#### Exercise objective
Pictures excluded, copy all of the data below exactly.

[Source records]
══════════
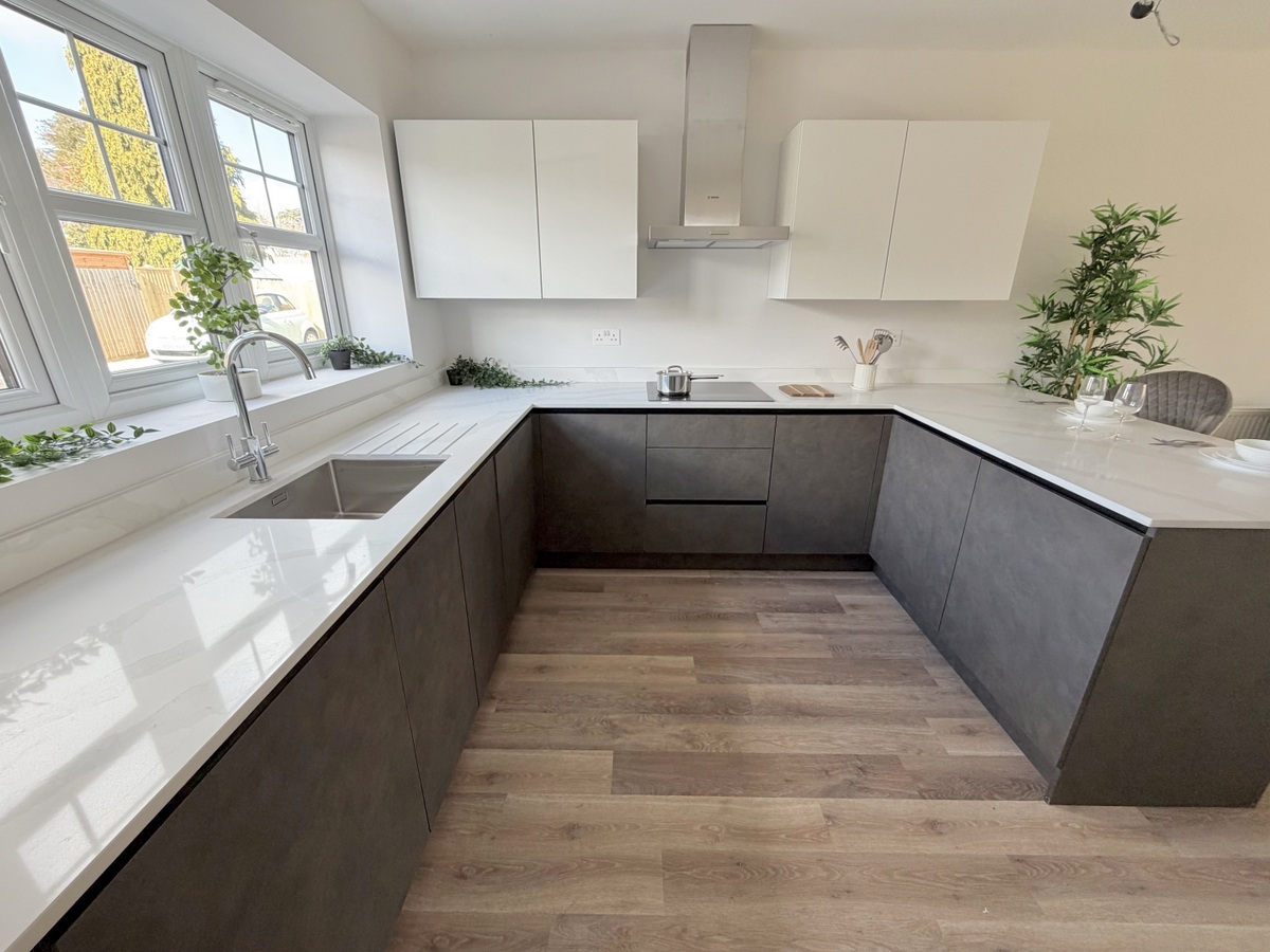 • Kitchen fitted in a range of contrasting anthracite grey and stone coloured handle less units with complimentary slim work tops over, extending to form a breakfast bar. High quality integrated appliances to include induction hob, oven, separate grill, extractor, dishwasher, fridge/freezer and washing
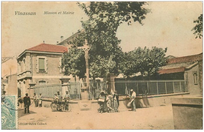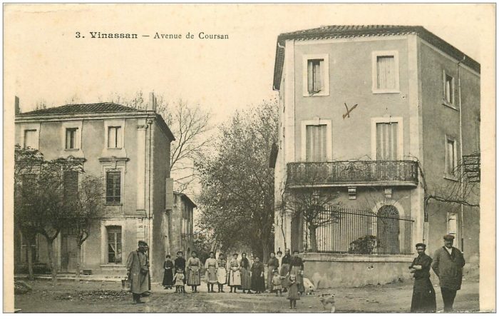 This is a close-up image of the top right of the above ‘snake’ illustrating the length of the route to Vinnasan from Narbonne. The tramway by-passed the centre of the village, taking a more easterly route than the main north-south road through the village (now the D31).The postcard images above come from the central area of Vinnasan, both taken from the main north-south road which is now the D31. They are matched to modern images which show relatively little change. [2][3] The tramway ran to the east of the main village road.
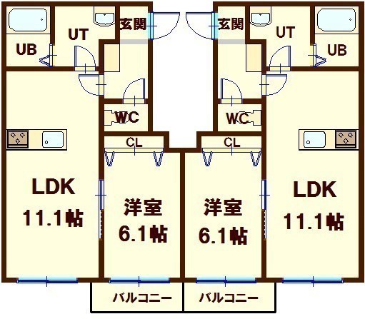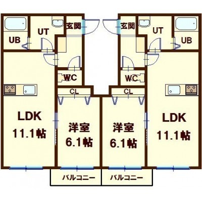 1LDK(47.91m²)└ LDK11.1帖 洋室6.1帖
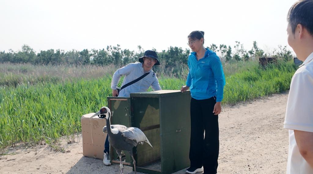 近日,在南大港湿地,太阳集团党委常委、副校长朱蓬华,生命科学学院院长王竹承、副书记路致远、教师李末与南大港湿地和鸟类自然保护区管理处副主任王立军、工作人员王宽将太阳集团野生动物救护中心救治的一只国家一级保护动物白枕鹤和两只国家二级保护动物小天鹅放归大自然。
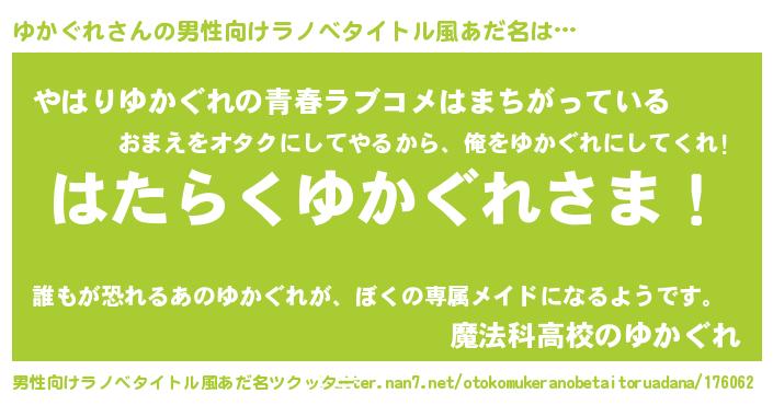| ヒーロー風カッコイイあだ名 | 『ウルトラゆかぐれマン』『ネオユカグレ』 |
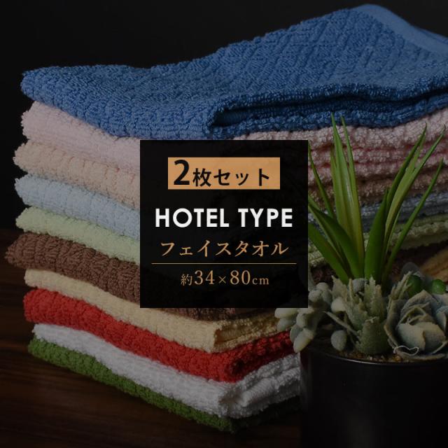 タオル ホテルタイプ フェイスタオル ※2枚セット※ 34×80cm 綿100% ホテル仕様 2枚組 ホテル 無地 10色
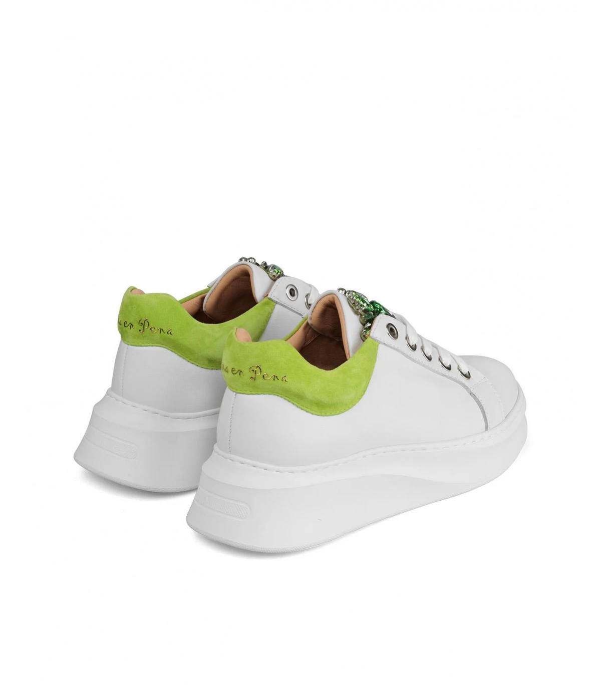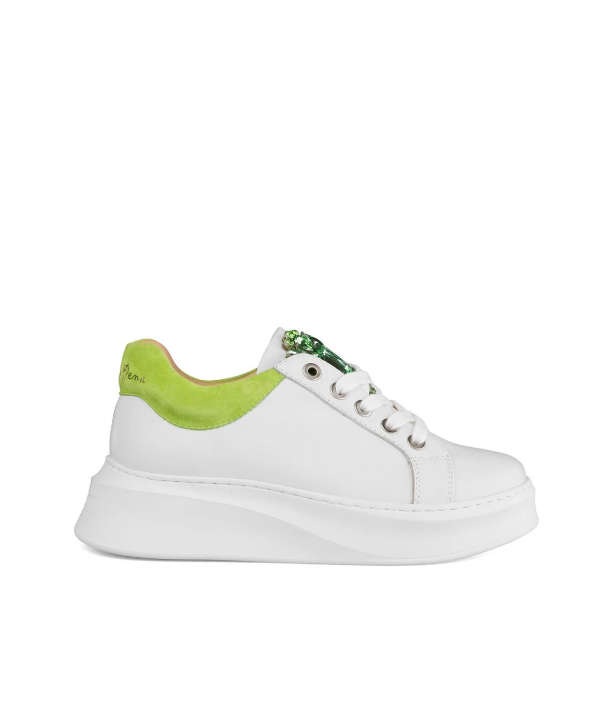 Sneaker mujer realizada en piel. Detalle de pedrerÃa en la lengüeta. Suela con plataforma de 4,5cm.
══════════
#### Your response
 • Kitchen fitted in a range of contrasting anthracite grey and stone coloured handle less units with complimentary slim work tops over, extending to form a breakfast bar. High quality integrated appliances to include induction hob, oven, separate grill, extractor, dishwasher, fridge/freezer and washing
 This is a close-up image of the top right of the above ‘snake’ illustrating the length of the route to Vinnasan from Narbonne. The tramway by-passed the centre of the village, taking a more easterly route than the main north-south road through the village (now the D31).The postcard images above come from the central area of Vinnasan, both taken from the main north-south road which is now the D31. They are matched to modern images which show relatively little change. [2][3] The tramway ran to the east of the main village road.
 1LDK(47.91m²)└ LDK11.1帖 洋室6.1帖
 近日,在南大港湿地,太阳集团党委常委、副校长朱蓬华,生命科学学院院长王竹承、副书记路致远、教师李末与南大港湿地和鸟类自然保护区管理处副主任王立军、工作人员王宽将太阳集团野生动物救护中心救治的一只国家一级保护动物白枕鹤和两只国家二级保护动物小天鹅放归大自然。
| ヒーロー風カッコイイあだ名 | 『ウルトラゆかぐれマン』『ネオユカグレ』 |
 タオル ホテルタイプ フェイスタオル ※2枚セット※ 34×80cm 綿100% ホテル仕様 2枚組 ホテル 無地 10色
 Sneaker mujer realizada en piel. Detalle de pedrerÃa en la lengüeta. Suela con plataforma de 4,5cm.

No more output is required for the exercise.